I inform him that I no longer partake.
“Ah, that would do it,” he says.
“You should also limit your intake of flattery.”
Not really a problem, I tell him.
“I can order a CT of your lusts if you want
but check with your insurance first.”
Here, he turns serious and meets my eyes
with a practiced air of pity.
“I’m afraid this means you’re probably
going to live quite awhile longer.”
I tell him I understand and begin rehearsing
how I’m going to break this to my family.
Islands
Sobriety: Day 84
Driving home from outpatient, a cry from nowhere pierces the hum. It’s my own gut-shot voice trailing blood across the windshield & dash, but I’m still surprised by it. Anxiety controls my sounds and movements like a cordyceps fungus controls an insect. More cries rush the hole made by the first so my throat becomes a fountain filling the cabin with locusts that die in mid-air and pile into drifts on the passenger seat. I’m alone, but I imagine someone watching my breakdown like I was a character in a show, because I can’t seem to process my emotions without involving someone else. This observer is more human-scale than twenty years ago when my wailing would have been prayer. I think the shape of these sounds is holier. Not supplication so much as islands erupting from an ocean. They will one day be habitat. The maps will need changing.
Freeze Tag
Sobriety: Day 90
You’re told it's a benchmark. Like a toddler
pointing. Practically developmental.
A sign the brain is knitting together,
picking back up where it left off.
“Maturing stops at the point of addiction,”
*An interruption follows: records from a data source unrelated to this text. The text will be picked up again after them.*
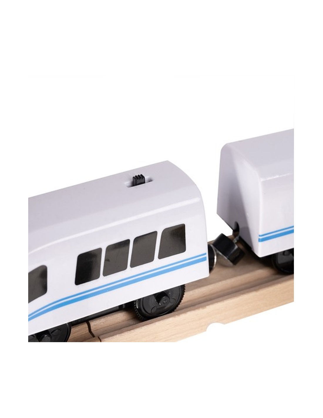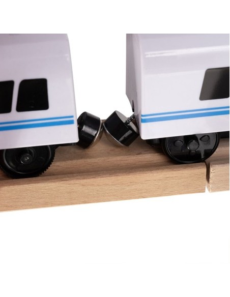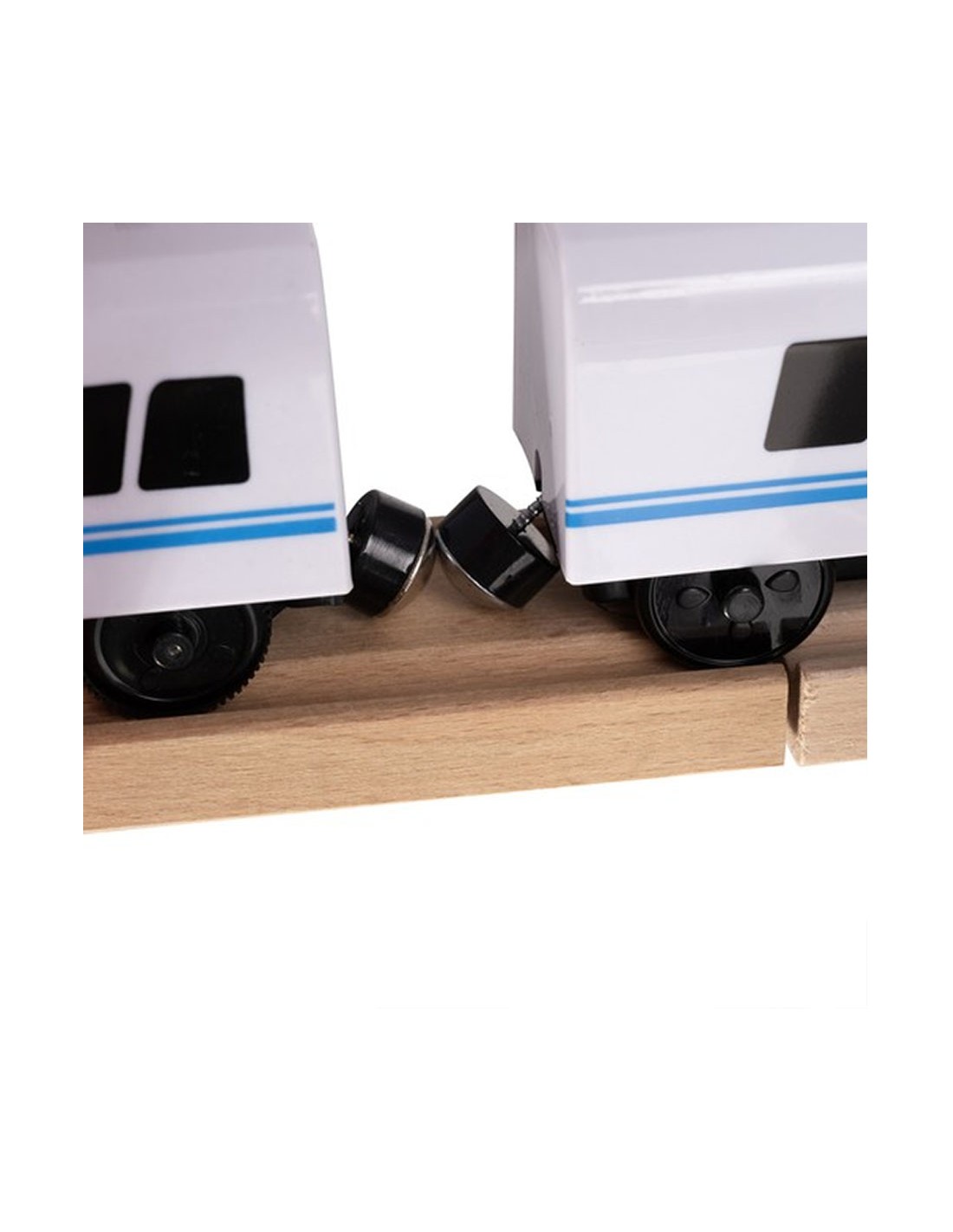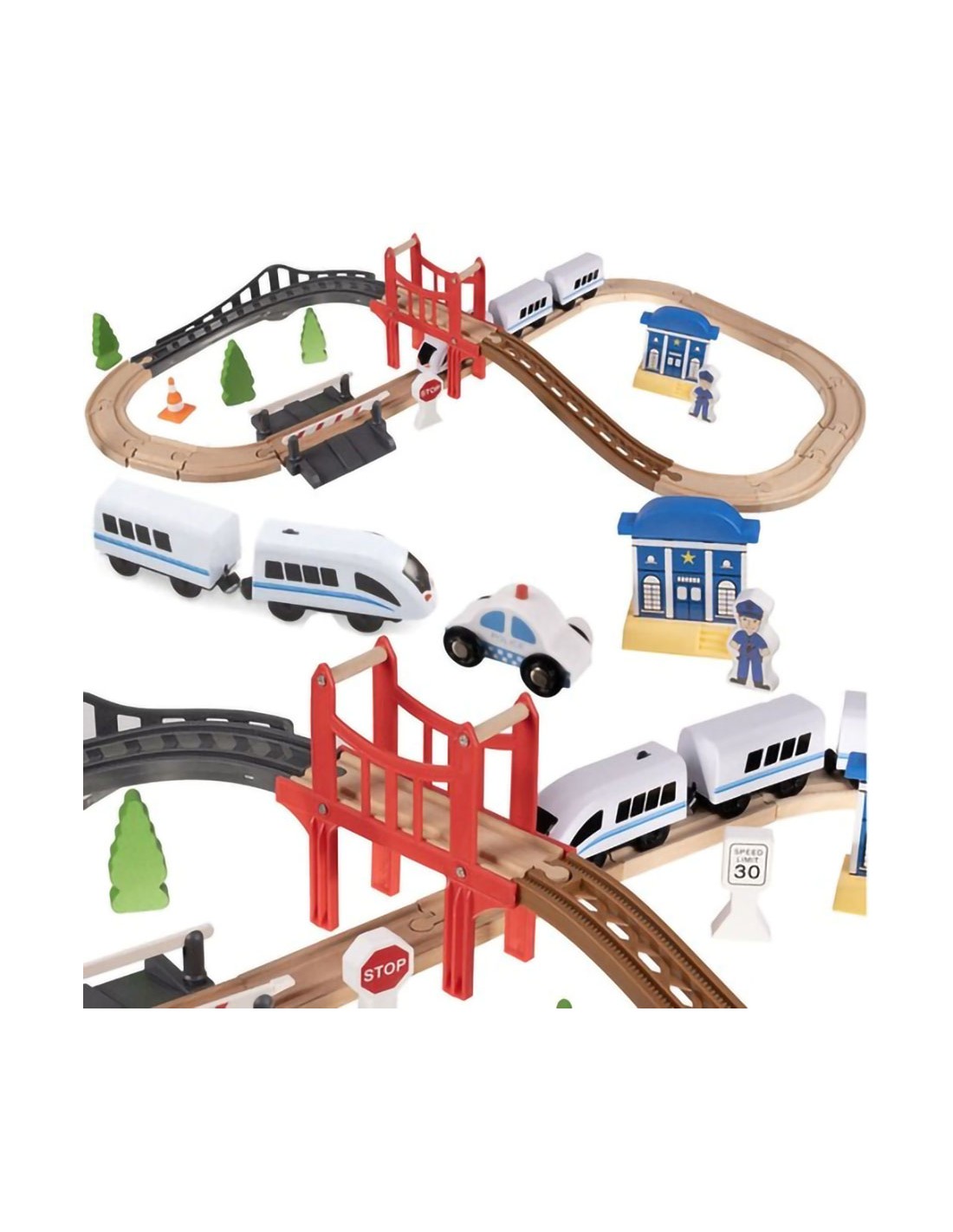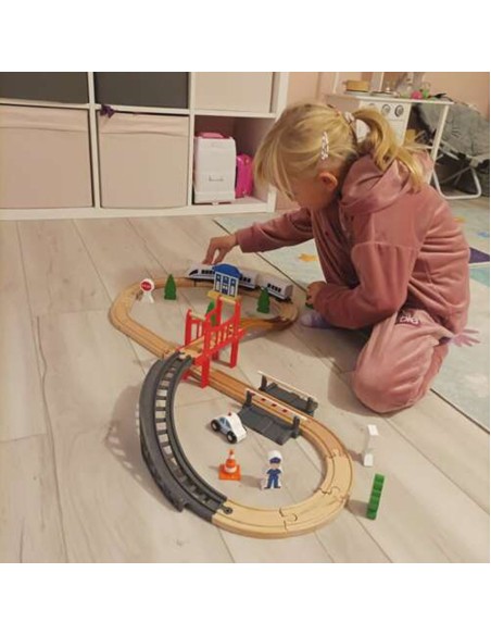 37 ELEMENTAI – rinkinį sudaro 37 tiksliai pagaminti ir gražiai išbaigti elementai, kurias galima sutvarkyti pagal savo idėjas . Rinkinį sudaro keleivinio traukinio bėgiai, policijos automobilis, medžių ir ženklų rinkinys, policininkas, ženklai ir daug daugiau. Traukinio ir traukinio elementai yra sujungti magnetukais – nėra nereikalingų kabliukų, kurie galėtų nutrūkti ir vaikui nuolat sukelti problemų atjungti komplektą. Magnetai yra stiprūs – jie nepaleidžia net pakėlus visą komplektą.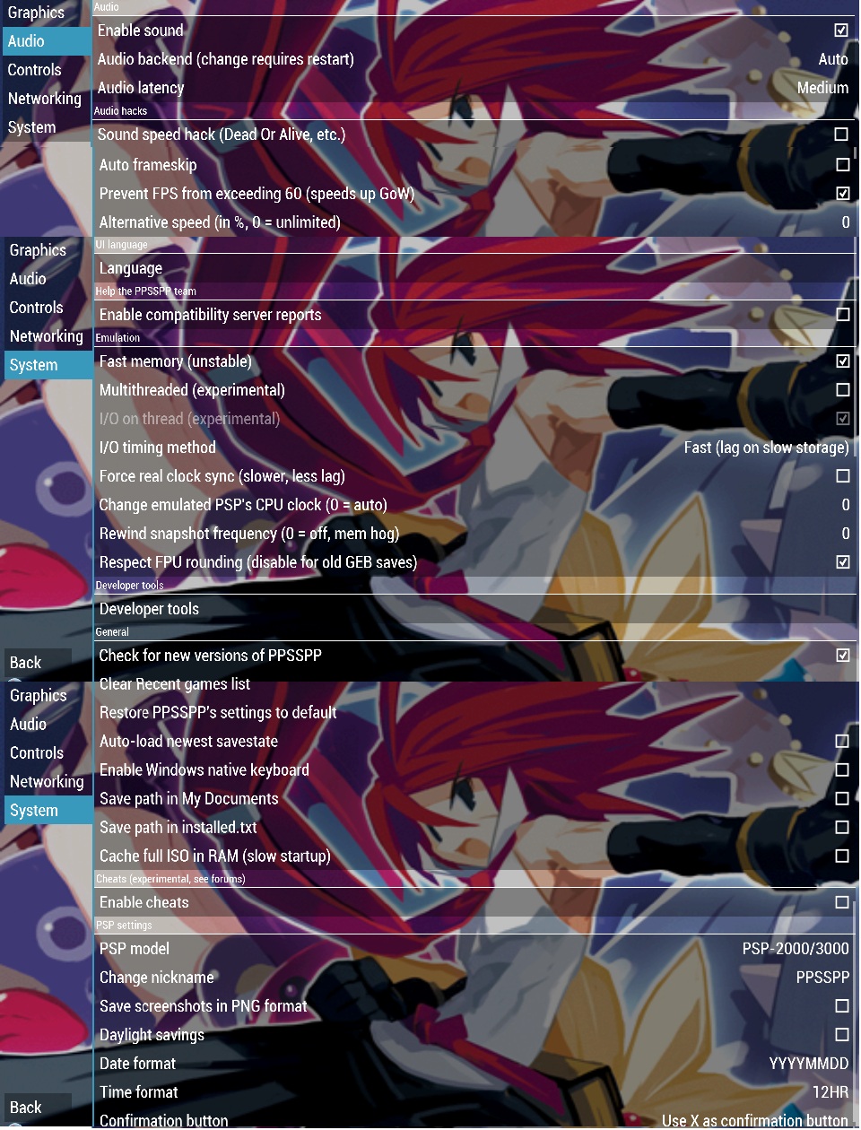 First of all, this happens quite irregularly, but when a combo goes on for long enough (I suspect about 8 or 9 in a row) the game would crash. Not that big of a problem, luckily. The other happens more often though, but far more in the second game. During cutscenes with voice-acting, the voices would randomly cut out, with the rest of the sounds still playing. This happens in about every cutscene in the second game, but doesn't happen as often in the first game. It appears to happen during particularly long cutscenes (such as the first one) or when you've seen a cutscene, play a bit of the game and do another cutscene. Strangely, it appears to fix itself (briefly) when I reset the emulator with ctrl+B. I haven't heard anyone else about this, so I suspect it's an emulator issue, but I can't find anything that would cause this to happen. Does anyone have any idea? My specifications and settings are: OS: Windows 7 64-bit Version ppsspp: v1.0 64-bit As for the emulator settings, these images ought to tell it best. Graphics Audio and System |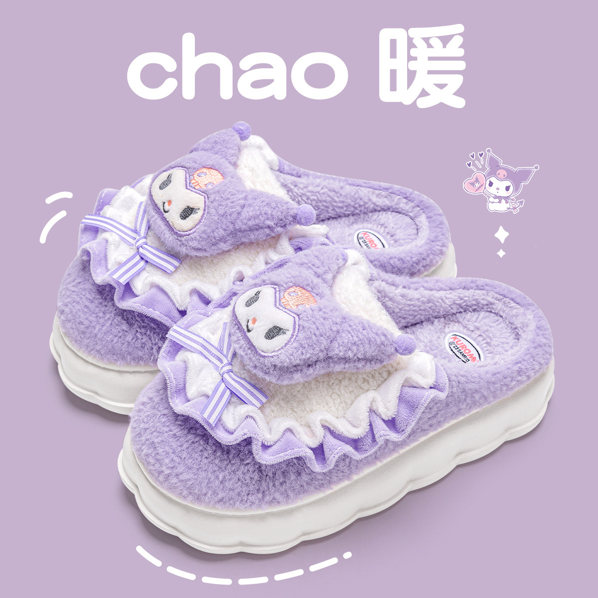 Merleti 새로운 어린이 면 슬리퍼 가을과 겨울 소녀 부모-자식 아기 슬리퍼 여성용 울 슬리퍼 따뜻한 면 신발스토어 가기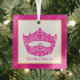 This ornament shown with an iconic American crown printed onto a square glass ornament. Personalise the text to your own title, name or phrase. Shown in white background, deep pink-fuchsia colour outer border, gold colour inner border and fuchsia-pink colour crown image. You can personalise this item further by change colouring of crown, text and background if desire. Customise this item with this template or buy as shown.
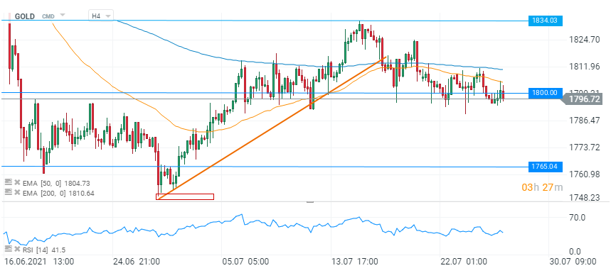 Din punct de vedere tehnic, situația aurului pare la fel de indecisă. Pe graficul H4, cotația este blocată între pragul psihologic de 1.800 USD și cele două medii mobile, care au limitat avansul cumpărătorilor. Acest interval s-ar putea menține până în momentul deciziei FOMC de mâine seară, care ne-ar putea aduce o spargere. În cazul unui avans, drumul ar putea fi deschis către pragul 1.834 USD, în caz contrar, zona 1.765 USD pare a fi obiectivul vânzătorilor.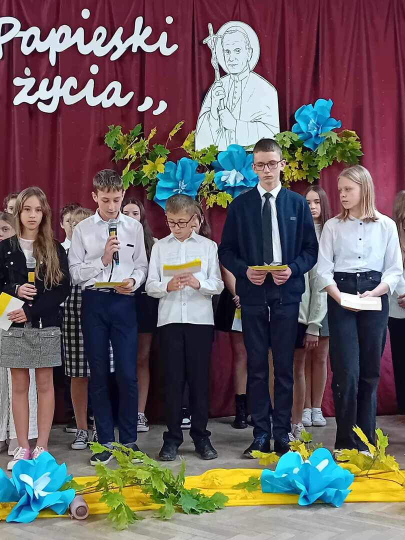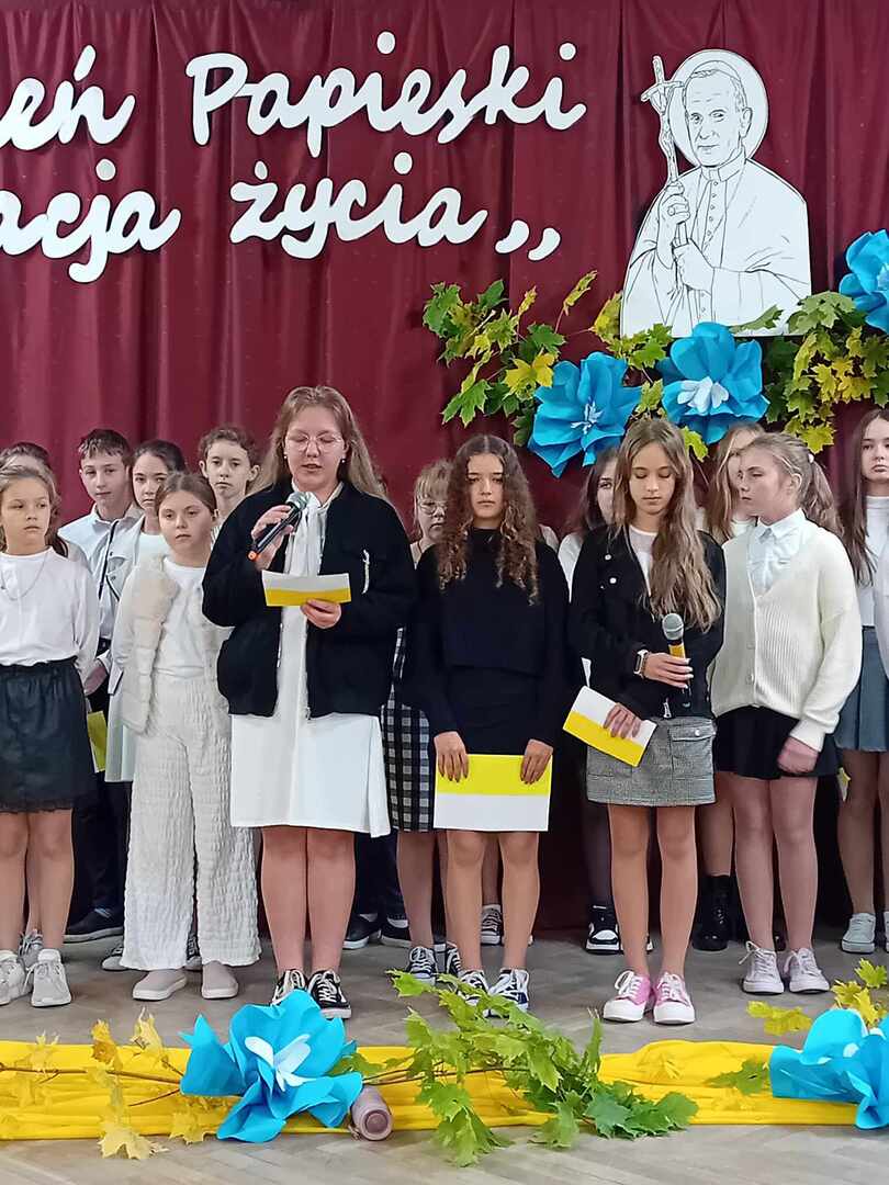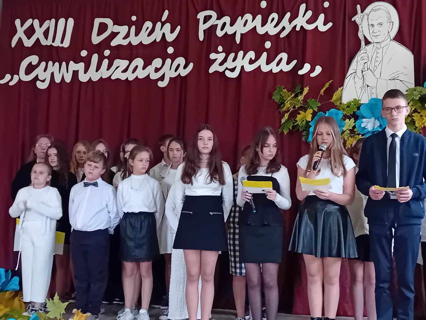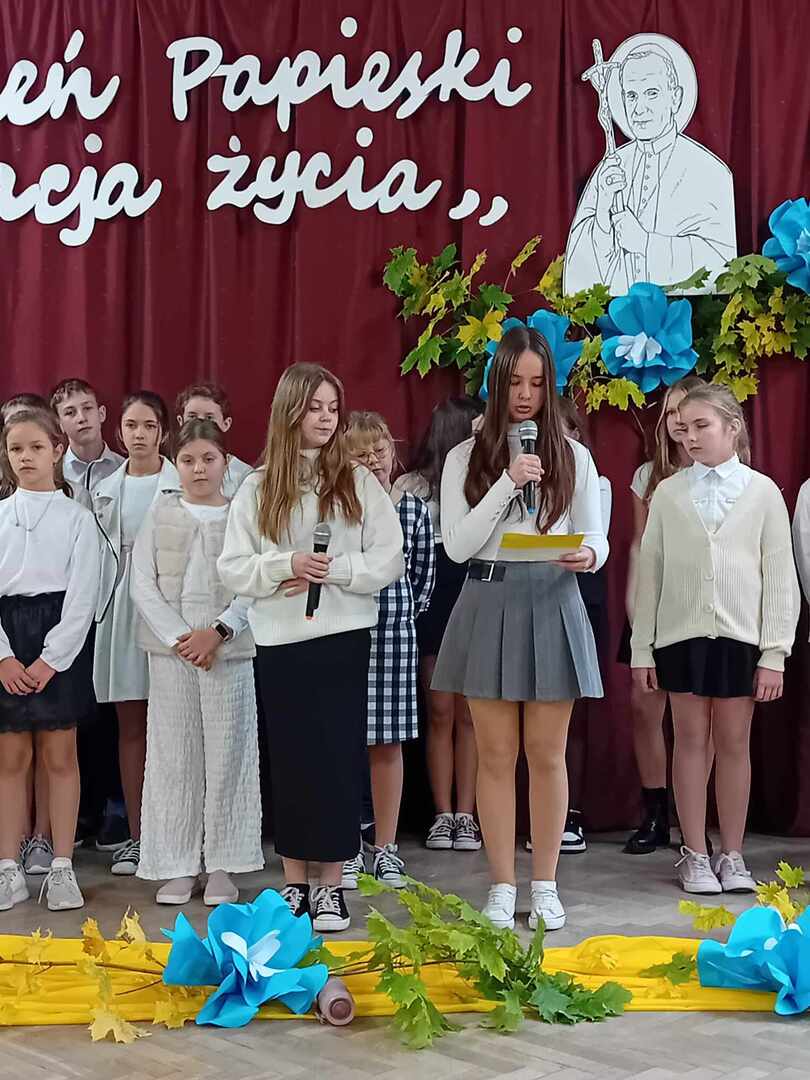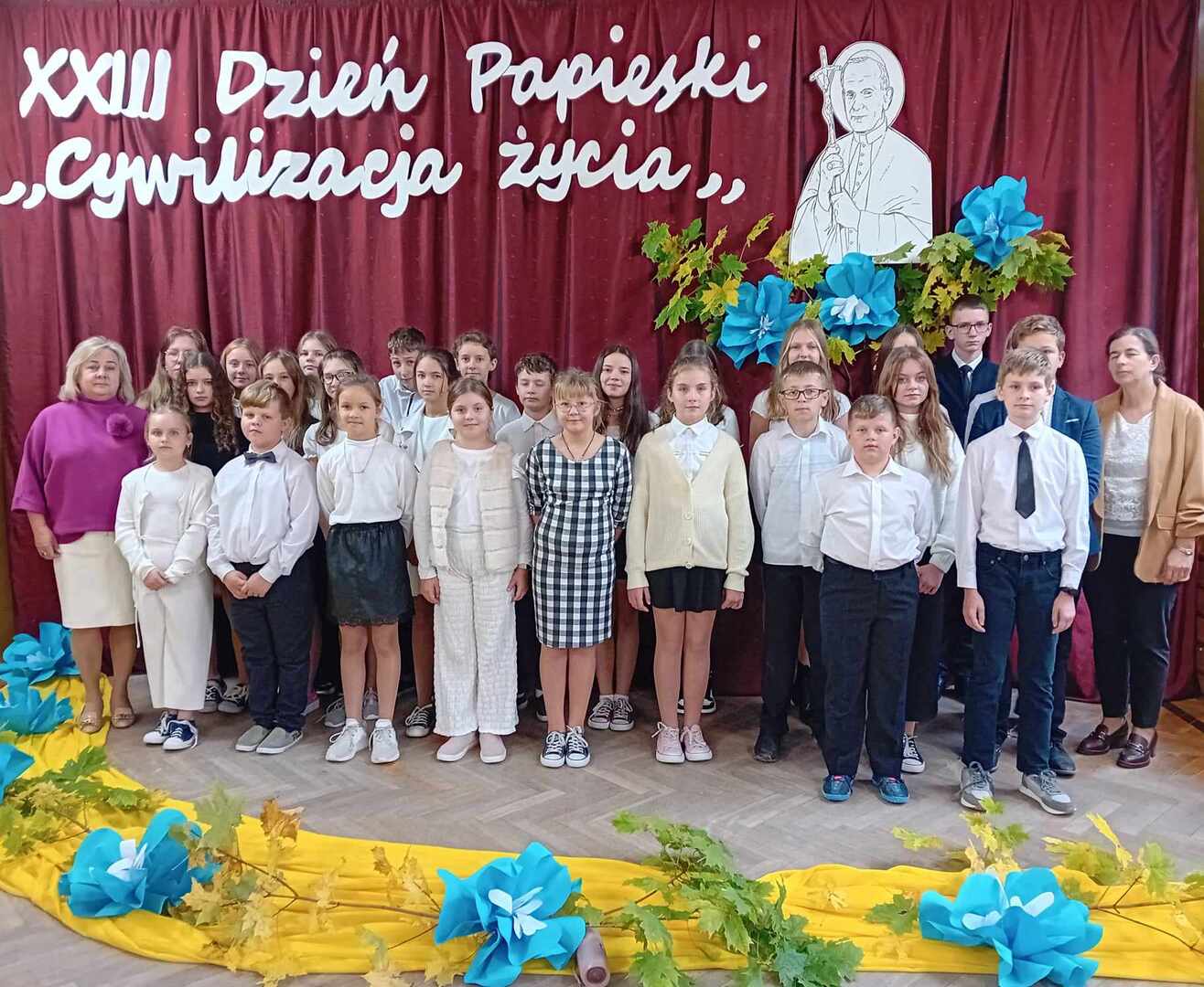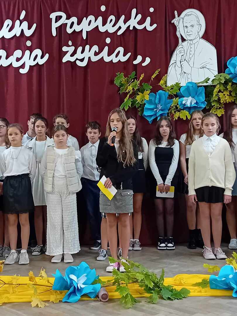 Włączając się w ogólnopolskie obchody Dnia Papieskiego, przygotowaliśmy montaż słowno-muzyczny o wartości życia. Chętni uczniowie z klas IV-VIII wystąpili 15 października w kościele parafialnym w Brzozówce, a następnego dnia w naszej szkole. Uczciliśmy w ten sposób 45. rocznicę wyboru kard. Karola Wojtyły na Stolicę Piotrową.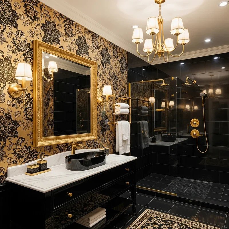 Introduce pattern and texture through gold wallpaper featuring black designs that add depth without overwhelming your bathroom space. Damask patterns create traditional elegance, while geometric prints offer contemporary flair that feels fresh and current. The metallic quality of gold wallpaper reflects light, making small bathrooms feel larger and more luminous. Choose moisture-resistant wallpaper specifically designed for bathrooms to ensure longevity in humid conditions. Feature walls behind vanities or in powder rooms create focal points without committing to full coverage. Textured wallpapers with raised black patterns add tactile interest that flat paint can't achieve. The interplay between shimmering gold backgrounds and matte black patterns creates sophisticated contrast. Consider removable wallpaper options for renters or commitment-phobes who want flexibility. This approach allows you to incorporate intricate designs and patterns that would be difficult or expensive to achieve with tile or paint alone.

as if the brain had been caught and rooted in place
in a game of freeze tag, waiting for someone
to crawl through its legs. You shouldn’t be so
offended. You’re the one who would look at
your wife and tell her with solemn sincerity,
uncapped marker still in your hand,
that you didn’t draw on the wall.
And like a child, you need recognition
so you text “90 days!” and when she texts back
a single emoji—meager scrap for the gaunt street dog
your soul has become—the anger you’ve nursed
in dark rooms burns its way out. You complain
that no one is praising you for what you’re not doing,
and are caught off balance when she gives it right back,
telling you how long she’s been running,
circling your unresponsive statue,
watching for any chance to unfreeze you.
Pink Cloud
Sobriety: Day 146
It was supposed to happen by now.
The dopamine fields strained to collapse
were supposed to flare and blossom to life,
if only briefly, like a wildflower bloom in
Death Valley after the rarest of rainfall.
Not a sustainable harvest, but a promise
of something worthwhile. The clouds are
gunmetal gray and the field crunches under
foot but if I just keep walking the
moisture regime may eventually change.
Topography may be more forgiving.
The coins in my pocket more lustrous.
The people I meet will still care about coins
and none will remember the things I’ve done.
Neighborhood Watch
Into all our back yards,
the ever-vigilant crows
cast their bright eyes.
Silent as spies, they drop
onto the damp grass,
prod the turf, looking
for clues to we-know-not-what.
They step carefully around
the perimeter, muttering
to themselves, and after
making a few quick calls,
the crows spread their wings,
fly low over the lawn,
and swoop away
to make a report.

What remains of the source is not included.